# Auromizer supreme? Smok baby beast? or tfv8beast?



## Umar Osman (16/9/16)

Hi guys I'm looking to buying a new tank and not sure which one of the 3 to take. Any reviews and help 
Choices: 
Auromizer supreme? 
Smok tfv8 Baby beast? 
Smok tfv8 Beast?


----------



## StangV2_0 (16/9/16)

I have never used on of those tanks however I am currently using a TFV4 and I believe that the V8 has seen a few improvements. 

The tank is a dream to use and I love how easy it is to fill. I have never had any leaks on it. Vapor is incredible however the flavor is not great IMO. I do use a dripper almost every day so maybe I am being a bit unfair on the V4 for its flavor. If using the RBA deck I can immediately notice an improvement in the flavor however I am battling to get the wick setup right. 

I love the TFV4. And I have only heard good things about the V8. 

Hope this helps.

Reactions: Like 1


----------



## brotiform (16/9/16)

Any reason you have listed those 3 specifically?

What mod are they going on, form factor will determine the outcome.

I do like the TFV8 full size and baby more than the Aromamizer so that would be my call. 

However my first choice would be the Griffin 25 Plus.


----------



## zadiac (16/9/16)

From the reviews it seems the TFV8 has awesome performance and cloud production, but flavor is ok(ish). That is what stopped me from buying it. I want good flavor. Maybe the baby beast will have better flavor. I don't know.


----------



## brotiform (16/9/16)

zadiac said:


> From the reviews it seems the TFV8 has awesome performance and cloud production, but flavor is ok(ish). That is what stopped me from buying it. I want good flavor. Maybe the baby beast will have better flavor. I don't know.



@OnePowerfulCorsa can chime in as he has both. I tried his and was blown away at how good a tank using commercial coils can be!!

Reactions: Like 1


----------



## Umar Osman (16/9/16)

brotiform said:


> Any reason you have listed those 3 specifically?
> 
> What mod are they going on, form factor will determine the outcome.
> 
> ...


I've vaped on those Tanks and enjoyed all just don't have the money to buy all, that's what leaves me in the decision to buy jusr one of them. Just don't want to make a mistake after a day


----------



## Umar Osman (16/9/16)

They will be going on a twisted messes 150w mod or rx2/3 (on its way) . The baby beast is cool with no rba and burst of flavor reasonable cloud. The beast beast is awesome in flavour and awesome in cloud and even more thirsty


----------



## brotiform (16/9/16)

Umar Osman said:


> They will be going on a twisted messes 150w mod or rx2/3 (on its way) . The baby beast is cool with no rba and burst of flavor reasonable cloud. The beast beast is awesome in flavour and awesome in cloud and even more thirsty



Looks like you already know what you want


----------



## OnePowerfulCorsa (16/9/16)

brotiform said:


> @OnePowerfulCorsa can chime in as he has both. I tried his and was blown away at how good a tank using commercial coils can be!!
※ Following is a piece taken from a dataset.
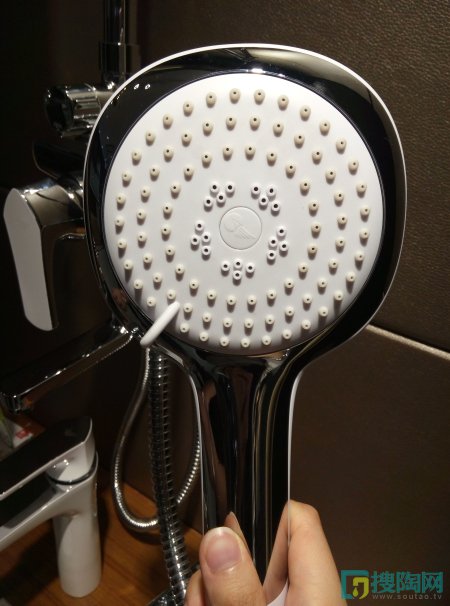 小編在現場體驗了這款奧拉系列水龍頭的出水效果,用手觸及水流,柔和不刺激,沒有像其他水龍頭出水那樣對手部有擊痛感。水流經過網罩時會被切割成大量中間夾雜著空氣的細小水柱,使水不至于四處飛濺。

TFV8 Cloud beast is good but Baby Beast is better. So much more more flavour and a little less thirsty. In comes the Freemax Starre Pure which knocks them both out the park for flavour.

Reactions: Like 1


----------



## Greyz (17/9/16)

Umar Osman said:


> They will be going on a twisted messes 150w mod or rx2/3 (on its way) . The baby beast is cool with no rba and burst of flavor reasonable cloud. The beast beast is awesome in flavour and awesome in cloud and even more thirsty



TFv8 FTW!
I owned one for all of a day till @Sickboy77 got hold of it! I agree it's a cloud beast but drop the wattage, close the airflow down to half and the flavour is exceptional. 
If you want it all get the Smok Minos 25mm, short sweet tank with lots of flavour and very beeg cloud production too. It's the only tank I used the last week or so

Reactions: Like 2 | Agree 1


----------



## Umar Osman (17/9/16)

Bought the baby beast and put her on my messes. She's chucking the flavour n clouds

Reactions: Like 1 | Winner 1


----------



## Lord Vetinari (17/9/16)

zadiac said:


> From the reviews it seems the TFV8 has awesome performance and cloud production, but flavor is ok(ish). That is what stopped me from buying it. I want good flavor. Maybe the baby beast will have better flavor. I don't know.
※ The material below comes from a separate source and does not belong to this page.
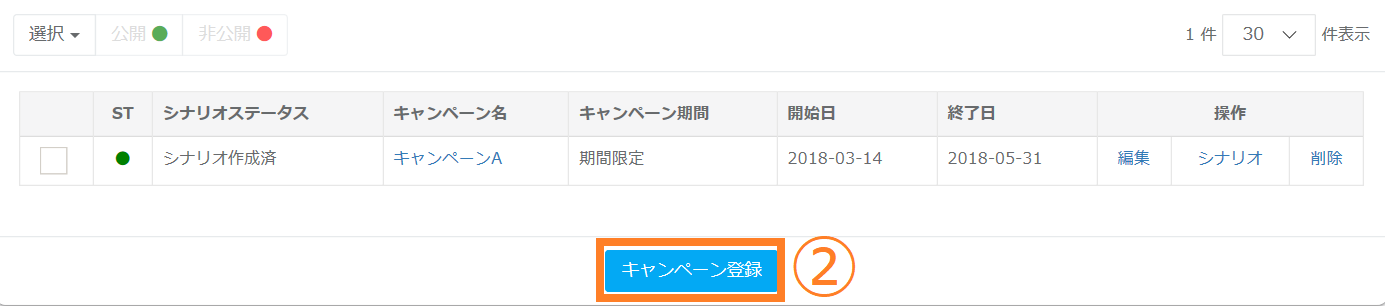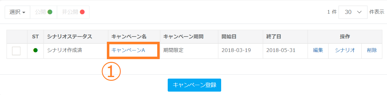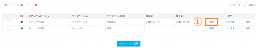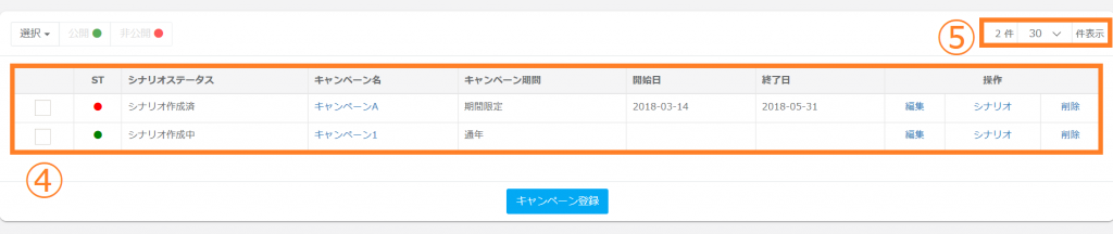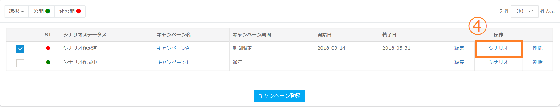 ④各キャンペーンごとに「シナリオ」ボタンがありますので、クリックしてください。シナリオの設定画面が開きますため、そちらで編集を進めてください。

Hell no depends on the build. The thing is a flavor MONSTER. Just do your own sane build and it really performs very well. Better than an Avocado or Limitless IMHO

Reactions: Like 2 | Informative 1


----------



## Umar Osman (19/9/16)

I agree. This thing is thr baby. But nice deck to build simple. And pre made coils flippen chuck thr flavour


----------



## Karel (19/9/16)

I am owning a TFV8. And let me tell you, I enjoy it to bits!!! Not even my dripper gives me that pure flavour!! it is insane!! And because of it's massive chimney and monster airflow... It is just wow!!! The baby is cool as well, but I was after that T8 coil. I enjoy sweet fruity flavours. And with the T8 coil, it tastes like you are actually taking a bite out of the fruit that was used to create the juice! It is incredible. The Q4 coil, is still allot of flavour, but it is more smooth I almost want to say!! But the RBA is fun though. It gives me a different taste, but it is very very good!!!
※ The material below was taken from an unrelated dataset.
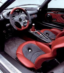 ![]() C12前後懸吊是鋁合金製造,結構則是運動化雙A臂配置,為了適應高速穩定狀態,在研發過程中也進行無數次風洞測試,以求取最佳風阻係數。此外後保險桿和車體組件亦是採用輕量化碳纖維材料,運用義大利Modena設計中心之知識技術,有賴其長期開發賽車之專業經驗,研究小組即針對使用碳纖維材料於車輛的保護能力,直線撞擊測試安全性;進行輻射線和高溫測試C12耐熱性,也成為研究開發這輛超級跑車的重要程序。儘管是輛熱血沸騰的超級跑車,不過在內裝格局上C12座艙內亦充斥了真皮材質,另加上了大量鋁合金、碳纖維材料綴飾,使車內保有高貴質感和科技觀。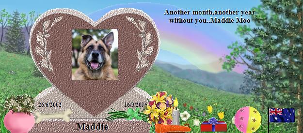 I am so sorry to hear about your loss of Maddie. Please find comfort in knowing that Maddie is now at Rainbows Bridge and making lots of friends. Saying goodbye is never easy. I also lost my precious cat Spooky July 30th 2001 after 16 wonderful years with her. On January 11, 2013, I lost my faithful friend Hannah who was a beautiful blue tick hound dog. On August 2, 2013 another one of my beautiful cats, Sammi, a black and white tabby, went to Rainbows Bridge. April 9, 2014, Maci, my English Bulldog passed over to Rainbows Bridge. Maci and Hannah were best friends. I am sure that Maddie and my babies have all become good friends. You can visit with Spooky at: http://www.rainbowsbridge.com/residents/Spook002/resident.HTM Take Care, Susan

The thing is, for each and everyone a different tank will provide a different flavour strength. And different juice taste different in each tank. My favourite juices are Teardrip and cosmic fog. And nothing come close to the taste when I use them with my TFV8. But if you use a different juice, it might be better in a different tank. So it is all up to you what you like. But there is a reason why it is called the BEAST!!!


----------